▶ _Collected data_
__________

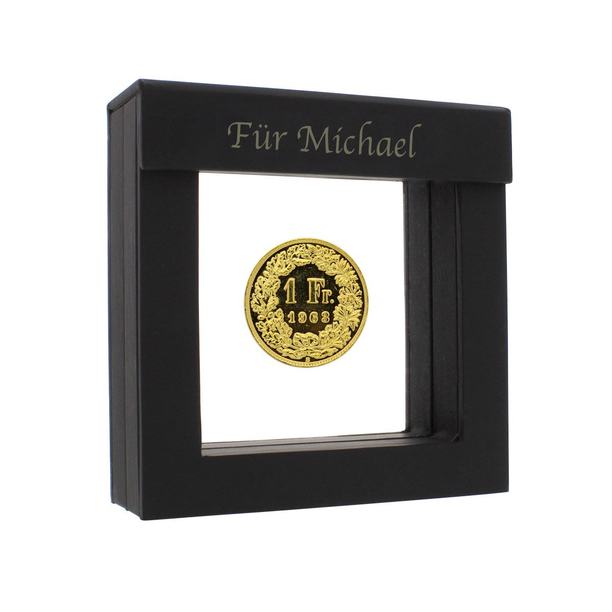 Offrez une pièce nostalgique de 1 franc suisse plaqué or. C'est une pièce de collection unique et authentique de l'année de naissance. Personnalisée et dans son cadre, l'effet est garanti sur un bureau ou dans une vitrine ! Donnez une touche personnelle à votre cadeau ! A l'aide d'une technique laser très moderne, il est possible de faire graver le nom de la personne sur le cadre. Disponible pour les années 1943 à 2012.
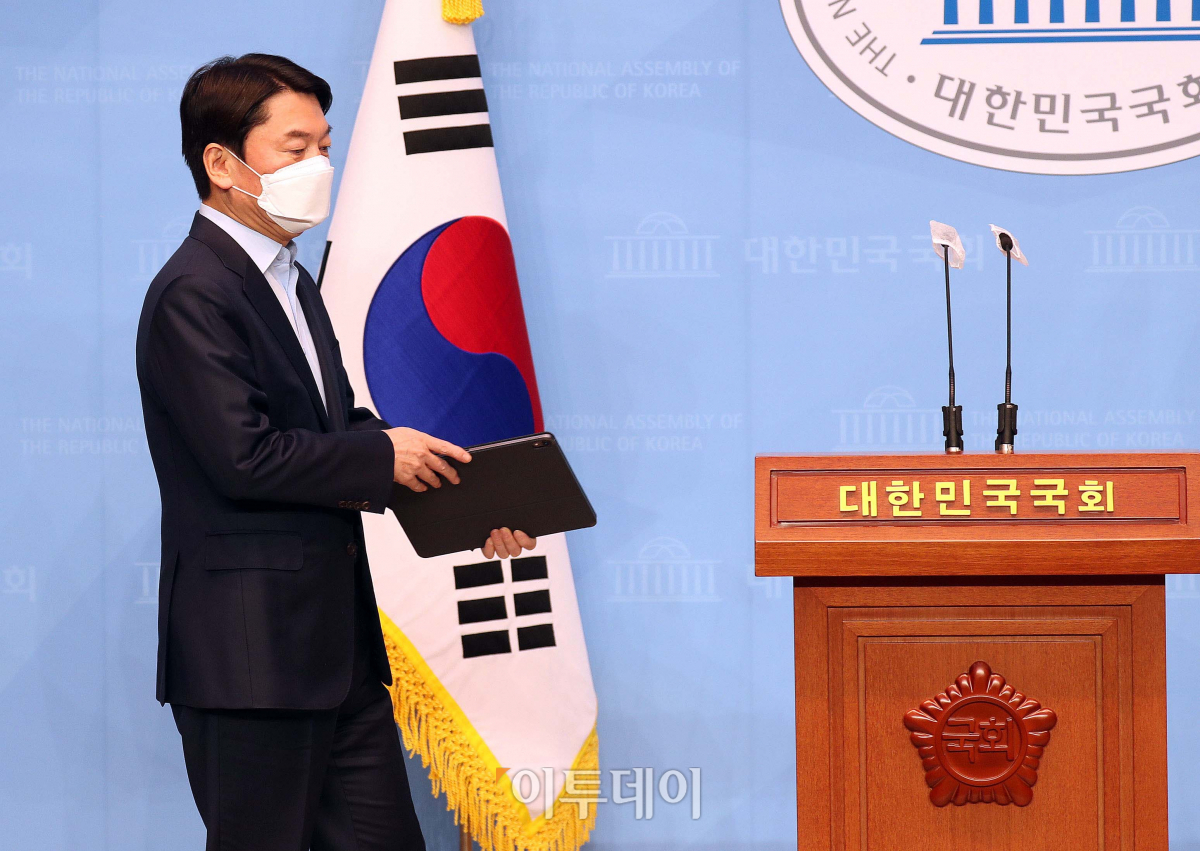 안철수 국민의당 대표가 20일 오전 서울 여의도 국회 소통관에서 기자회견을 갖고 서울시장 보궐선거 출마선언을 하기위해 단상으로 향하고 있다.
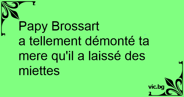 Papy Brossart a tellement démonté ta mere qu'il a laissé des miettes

__________

▶ _Exercise objective_
Transcribe the listing in full. Leave the pictures out.

▶ _Task response_
 Offrez une pièce nostalgique de 1 franc suisse plaqué or. C'est une pièce de collection unique et authentique de l'année de naissance. Personnalisée et dans son cadre, l'effet est garanti sur un bureau ou dans une vitrine ! Donnez une touche personnelle à votre cadeau ! A l'aide d'une technique laser très moderne, il est possible de faire graver le nom de la personne sur le cadre. Disponible pour les années 1943 à 2012.
 안철수 국민의당 대표가 20일 오전 서울 여의도 국회 소통관에서 기자회견을 갖고 서울시장 보궐선거 출마선언을 하기위해 단상으로 향하고 있다.
 Papy Brossart a tellement démonté ta mere qu'il a laissé des miettes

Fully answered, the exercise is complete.